Mine was also in OB classes for a year and can do all the above mentioned.

Some dogs just bark. Mine will stop when asked, but will start up in minutes.

I would also suggest not wearing an type of head harness in the house especially if you have other dogs.


----------



## graciesmom (Jun 10, 2006)

Gracie is a continual work in progress. For the barking, we've tried many things ... ignoring (hard to do), distracting, placing the palm of my hand over her nose and saying "quiet" or "shh" or "stop" or "ackk". The worst is people coming to the door or the newspaper coming through the mail slot. I swear she thinks it's an alien! I've read recently that if she's not responding to a comand to stop or to redirection, try removing her from the situation. So lately, if she doesn't stop after being told once, I do not say anything else to her, but go and lead her gently and calmly by the collar into the garage. Once she stops barking I let her back in. All this time I do not say anything to her. I can't say for sure yet, but it seems to be working, I think she's getting the message because the barking seems to be less.


----------



## MikeB06 (Mar 12, 2006)

Disagree all you like... My message was NOT for YOU ThreeDogs. It was for the original poster asking the question. The Head Halter is perfectly safe while the dog is on the leash and in the hands of the owner. I said nothing about leaving it on the dog unattended.


----------



## Janism (Nov 11, 2007)

I am pretty new to owning a German Shepherd but I live in an apartment so teaching quiet was really important to me. What worked for me was the first time a verbal correction (NO or AHH) whatever your dog understands and if a second bark happens she gets a time out. For me a timeout is putting her in the bathroom (dog-proofed of course). If she barks or whines while in a timeout she stays in there. When she has been quiet for at least 30 seconds she can come out. My girl still barks occasionally if someone gets really close to the door or if the cat meows but she usually stops after one bark so it is not irritating. I hope that helps. Good luck in solving your problem.


----------



## JeanKBBMMMAAN (May 11, 2005)

How new is he (to the OP)? That's a big part of it. It's like little kids who have never been taught the concept of indoor voices-it takes them a while to learn that it is not acceptable to sound like a Howler Monkey when you are talking to me.

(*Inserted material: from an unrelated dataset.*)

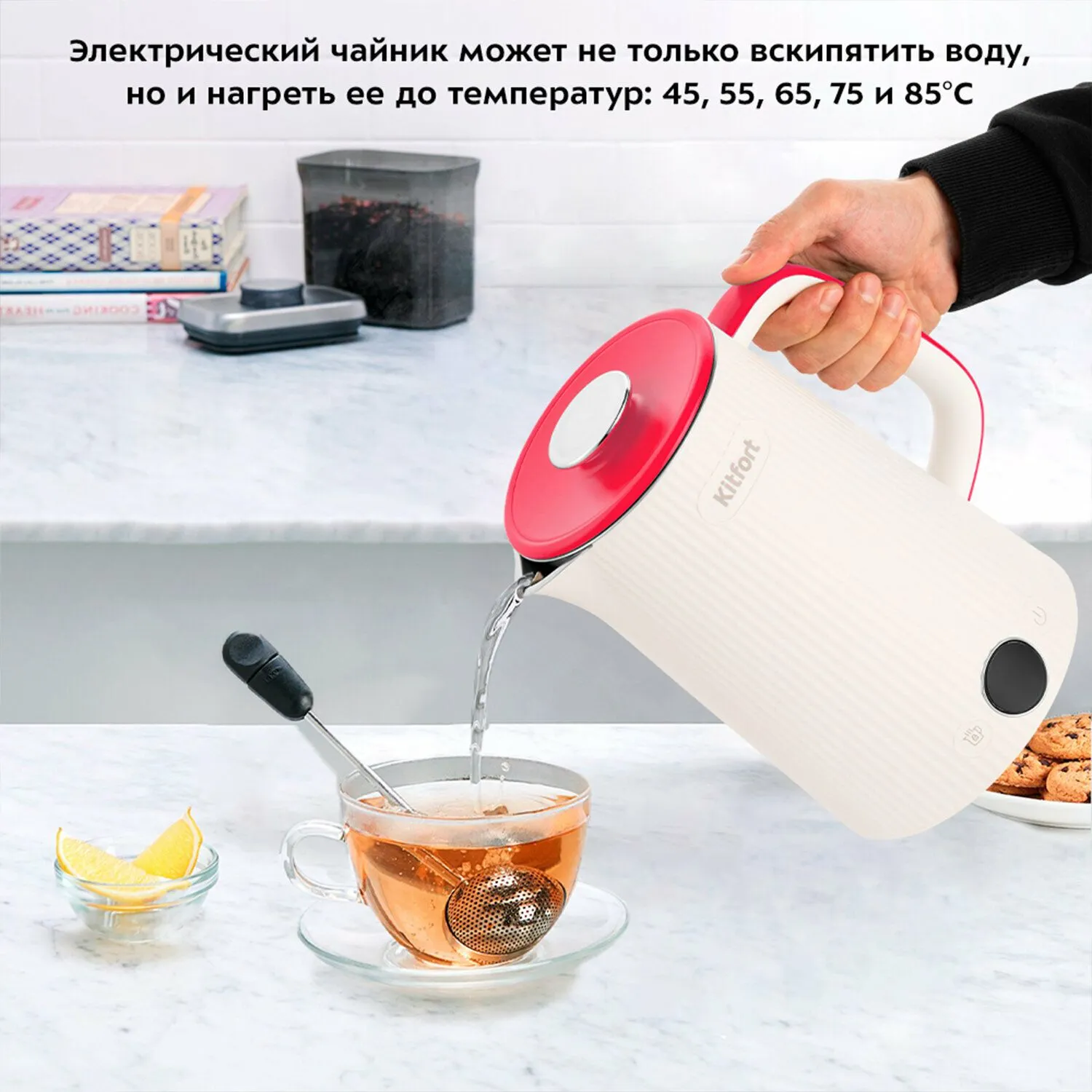 Описание товара Чайник электрический Kitfort КТ-6197-1 бело-малиновый

And I agree that there are barkers! Maybe not in GSDs because they seem so much more reasonable, but my Schipperke mix always has enough energy to bark (he must have a reserve pack in his body that stores up for that purpose).


----------



## rosielock (May 7, 2008)

When he barks, take a spoon or something and throw it on him(not hard, just distract him). Don't let him see that it was you (throw it on his butt). So everytime he barks, do it. Then after awhile, he will associate his barking with a sensation on his butt. You don't have to hurt him, just make him assocate barking with a sensation, if the dog does not know where the spoon is comming from then he won't like the sensation. That's what this trainer told me to do and it works. You don't let him see that it was you throwing the spoon because if you're not home, he will bark and annoy the neighbours.


----------